If you have a 64-bit operating system, then bumping the RAM up to 4GB is a no-brainer.

All but the cheapest and most basic of Windows 10 systems will come with 4GB of RAM, while 4GB is the minimum you'll find in any modern Mac system.

All 32-bit versions of Windows 10 have a 4GB RAM limit.

8GB

Note: You will need a 64-bit operating system to make use of this amount of RAM.

Now we're into performance territory. If you're serious about your PC, then I consider this to be the new default. If you're buying or building a machine dedicated to photo or HD video editing and rendering, or just want a fast system, then 8GB of RAM really is the minimum you should consider to avoid frustration.

This is the amount of RAM recommended by Adobe for users running Creative Cloud applications.

8GB of RAM is not expensive. Sure, get the OEM to fit it into a new system and you're likely paying a premium (especially if that OEM is Apple), but from an aftermarket supplier this can be had for under $40.

16GB

Note: You will need a 64-bit operating system to make use of this amount of RAM.

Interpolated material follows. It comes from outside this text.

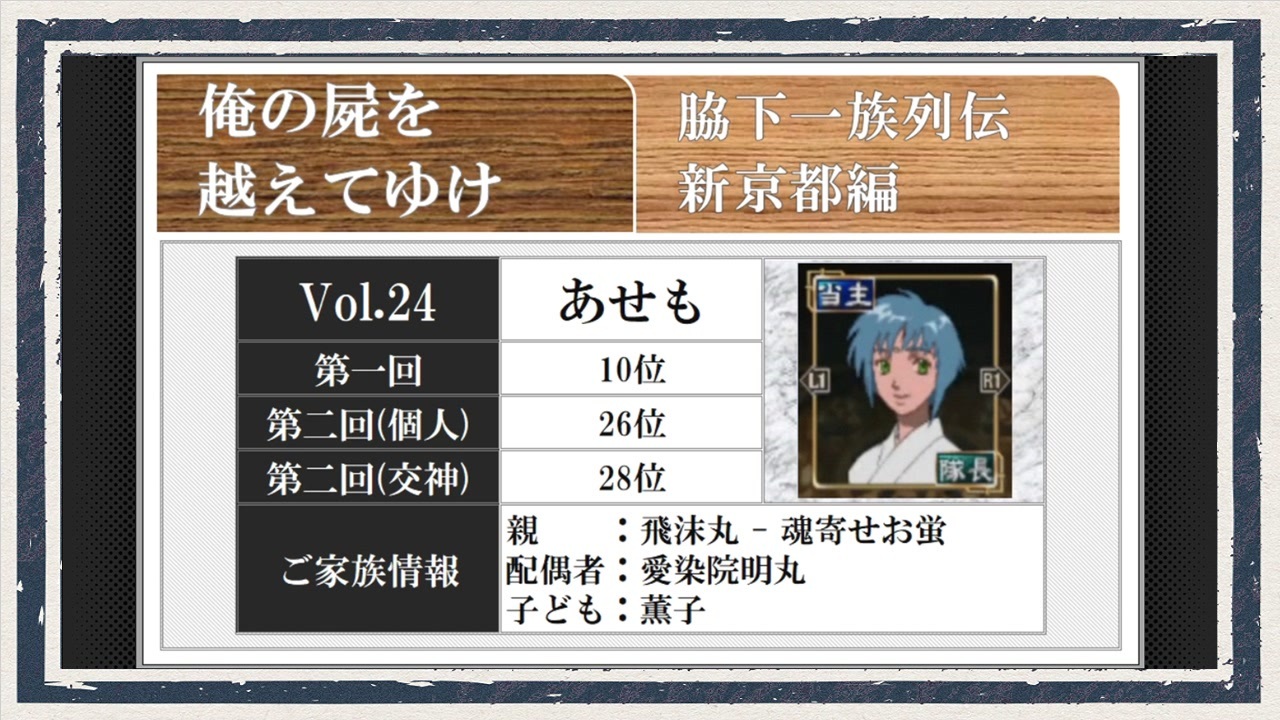 <strong>うちの一族の話を聞いてくれ<br>※一族1人1人について、ただ語っていくだけの動画です</strong><br><br>『新京都 メッセージ追加募集係』宛にお願いします。<br><br>今年後半は身動きが取れず、全然動画が作れずすみませんでした。<br><br>2020年は何とか3本…<br>来年は完結に向けて、頑張ろうと思います。<br><br>vol.23 : 乱香 ⇒<a href="https://www.nicovideo.jp/watch/sm37161468" class="watch">sm37161468</a><br>vol.25 : なめ七 ⇒<a href="https://www.nicovideo.jp/watch/sm38199633" class="watch">sm38199633</a><br><br>マイリスト⇒<a href="https://www.nicovideo.jp/mylist/45061999" target="_blank" rel="noopener">mylist/45061999</a><br><br>▽ Twitter<br><a href="http://twitter.com/fuhiky" target="_blank" rel="noopener nofollow">http://twitter.com/fuhiky</a> <br>

Is there a case for more than 8GB of RAM? Sure there is, but the bang for the buck trails off.

The time when more than 8GB of RAM becomes useful and starts paying for itself is when you're running a number of resource-heavy applications simultaneously especially image or video processing (even 4K video), CAD, or 3D modelling. Try running Premiere Pro, Photoshop, and After Effects side-by-side on a system with 8GB of RAM, then bump that up and feel the difference.

Having more than 8GB also comes in handy if you make extensive use of virtualization tools such as Microsoft Hyper-V or VMware Workstation, especially if you run multiple virtual machines simultaneously.

16GB+

Note: You will need a 64-bit operating system to make use of this amount of RAM.

You're now deep in the realm of heavy lifting. A workstation with more than 16GB of RAM will be a do-anything system. This is the sort of system that will be able to run multiple resource-heavy applications or virtual machines simultaneously.

Remember that 64-bit Windows 10 Pro, Enterprise, and Education will support up to 2TB of RAM, while the 64-bit version of Windows 10 Home is limited to only 128GB.